Конечно, я лгала напропалую; никуда я не поеду через полтора месяца, но творящееся в Корче действительно следовало прекратить. А то прознают бандюги про развлечения местной молодежи, поймут, что власти здесь нет, и получим мы в итоге приличный гнойник на теле союза. Оно надо? А так, поугрожала только, а жизнь глядишь и наладится. Может мне еще раз доведется через эти места мотаться, так хоть в доспехах спать не придется, ожидая нападения из-под каждого куста. А вот забирать бумаги, которые вез гонец, и соображать что куда, я не собиралась, мне своего письмеца хватало выше крыши.

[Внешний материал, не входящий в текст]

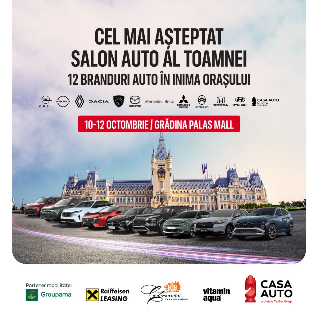Casa Auto Iași invită publicul la o nouă ediție a Salonului Auto Palas Mall, eveniment desfășurat între 10 și 12 octombrie, în inima complexului Palas Iași. Timp de trei zile, pasionații auto și vizitatorii sunt așteptați să descopere cele mai noi modele lansate de producători de top și să beneficieze de oferte exclusive disponibile doar pe durata evenimentului.
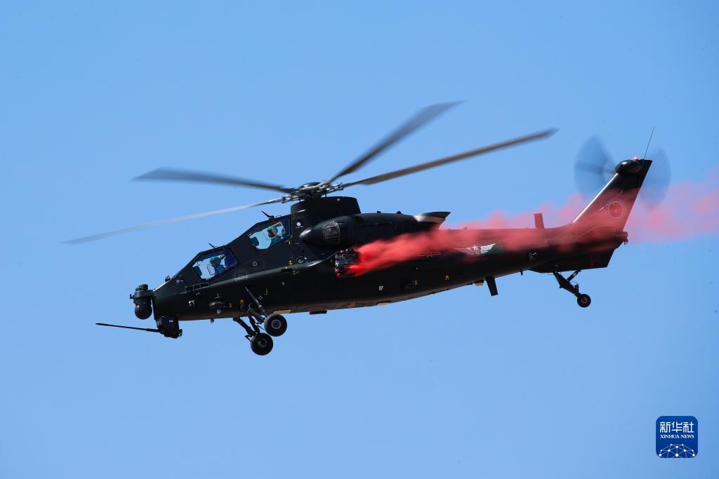 9月14日,在第六屆中國天津國際直升機博覽會(huì )開(kāi)幕式上,陸軍“風(fēng)雷”飛行表演隊直-10武裝直升機進(jìn)行飛行表演。
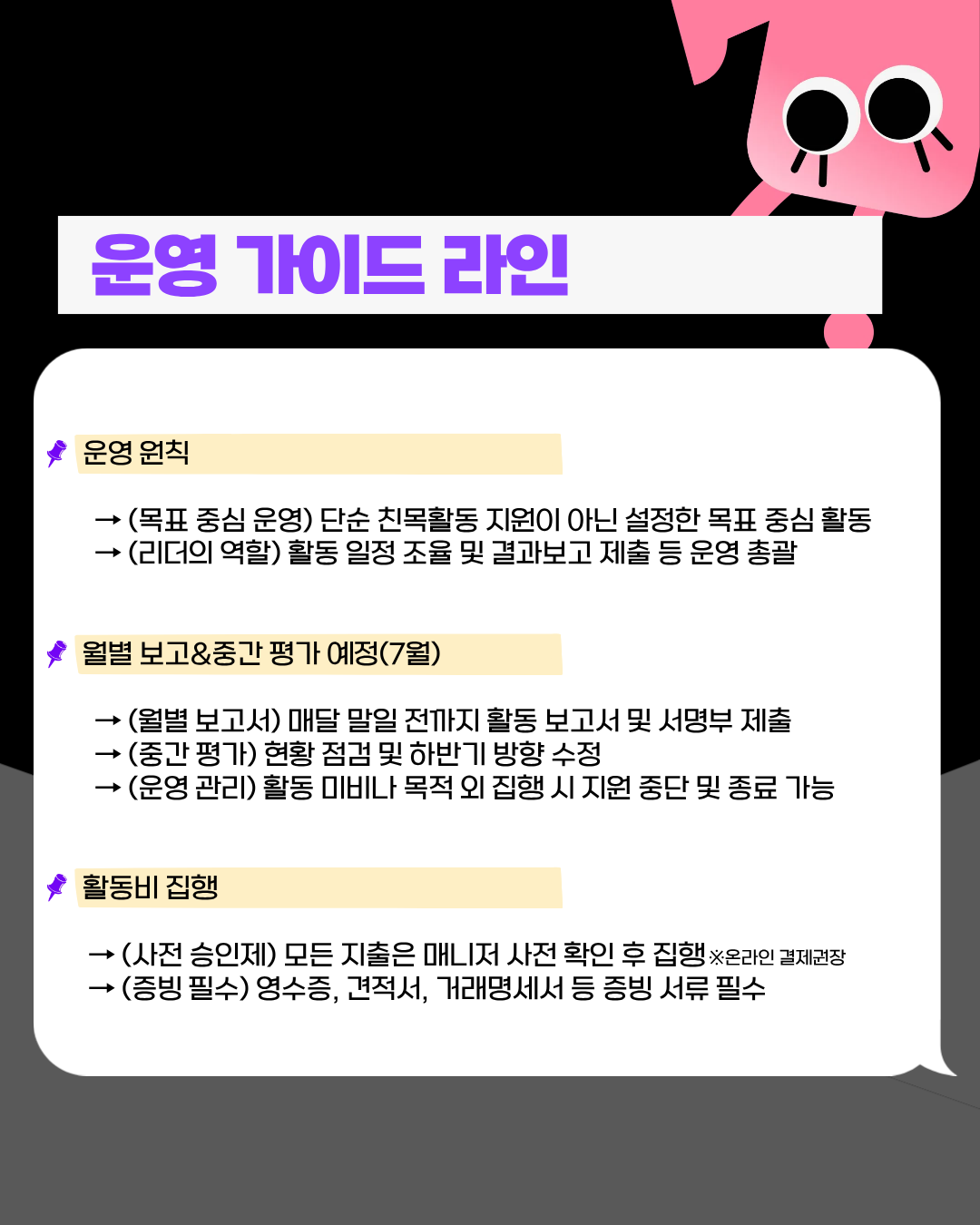 올해는 활동비 및 강사비 지원, 공간 대관 등 더욱 탄탄해진 혜택으로 청년들의 주체적인 활동을 돕고자 합니다.
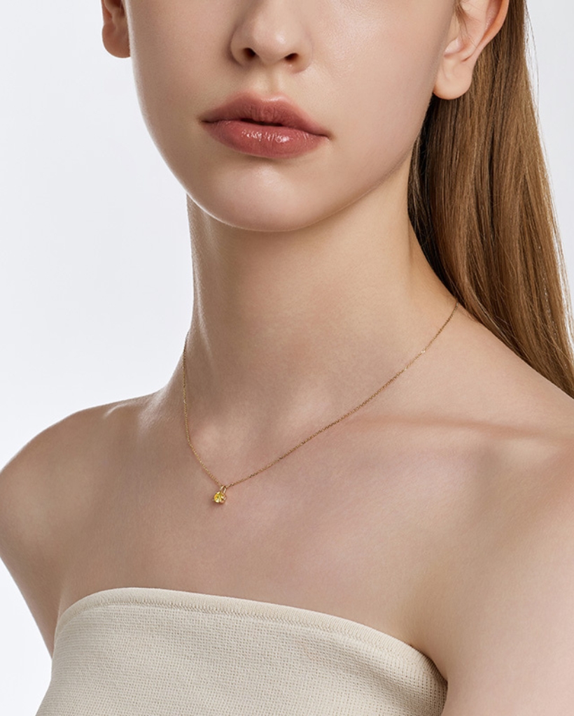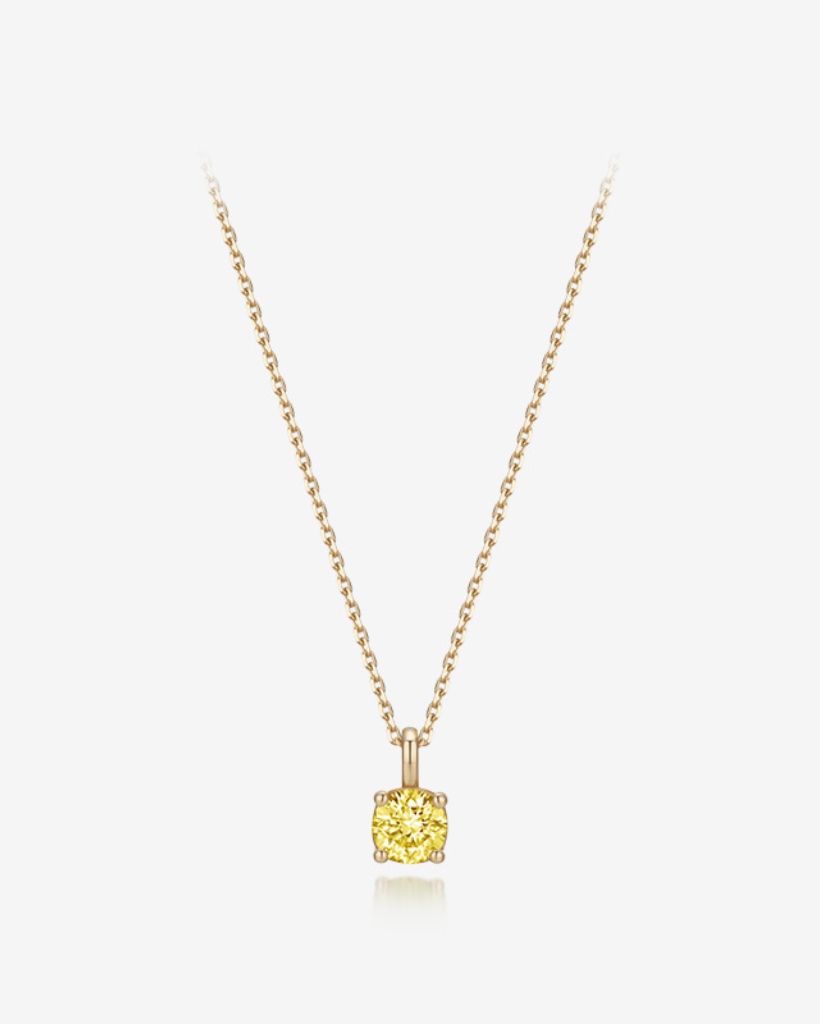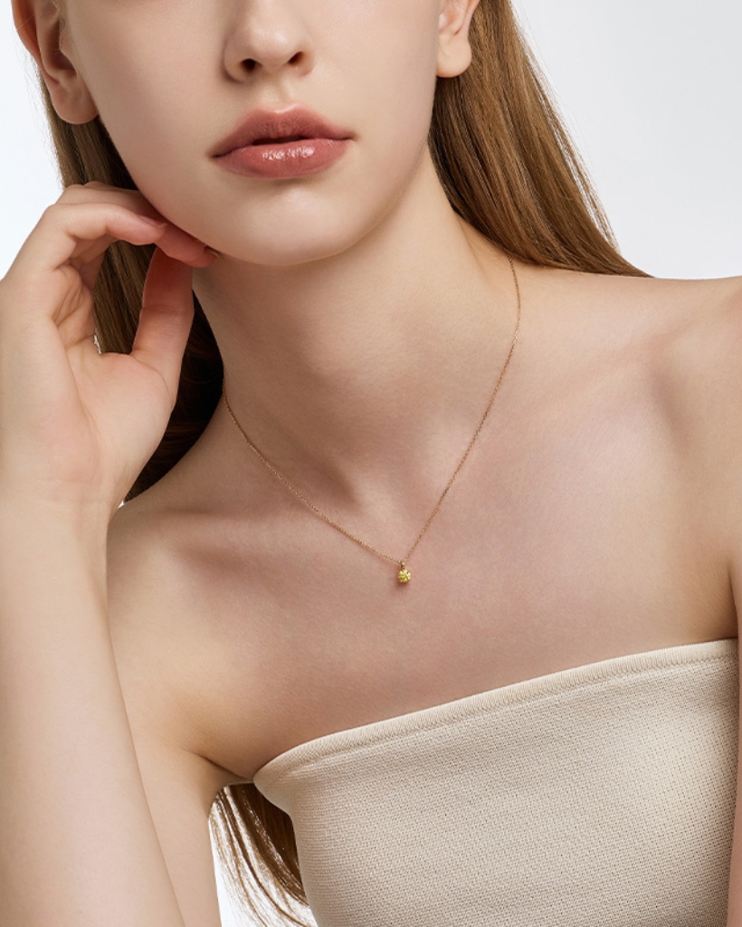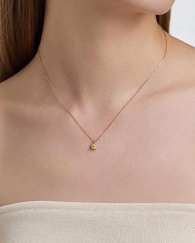 ホリデーの眩しい光を込めた3部イエローラップグロウンダイヤモンドをセットしたソリティアネックレスです。
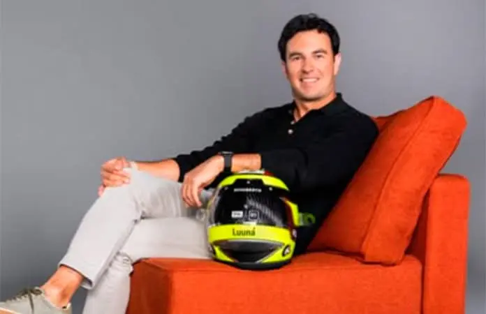 En la parte de arriba, se observa la bandera de México y alrededor del mismo caso se pueden apreciar los patrocinadores de "Checo" como KitKat, Claro, Mercado Libre, Tommy Hilfiger y otros que acompañan al mexicano en este camino.

Баронет согласно кивал, обрадованный моим решением, все норовил поцеловать руки и называл спасительницей. И вот тут до меня окончательно дошло: 'Ой-ей-ей! А гонец-то, похоже, был церковный'. Теперь уж точно понятно, отчего так срочно ворота захлопнули. Ведь за такие дела, могли и всех участвовавших колесовать, а семьи виновников, включая стариков и грудных младенцев сослать куда-нибудь к сподвижникам, фьорды от Гугритов помогать защищать. Ладно! Сделаю вид, что не поняла. Глядишь, где-нибудь в Робату или Зморыне, стукну кому надо, пусть проверки и расследования проводят, все-таки здесь нужны умельцы из ордена Ответственных.

Я встала, и мы уже со старшей сестрой собрались уходить, как, обернувшись напоследок, сказала:

– Мой вам совет, Сэр Брюн, вправьте своему ребенку мозги на место, и чем скорее, тем лучше, пока за вас этого не сделал кто-нибудь другой, причем с возможным для него смертельным исходом.


Ворота по приказу баронета открыли в тот же день, часа через два, после нашей с ним беседы. А мы с Гертрудой, вернувшись в харчевню, рассказали все Юзе, и дружно собрав вещи после обеда покинули Корчь от греха подальше. Уж лучше ночевать где-нибудь под кустом, чем еще раз оказаться запертыми в городе. Этим же вечером мы пересекли границу Канкула и на ночевку расположились уже в Гридвеле, другом государстве Союза.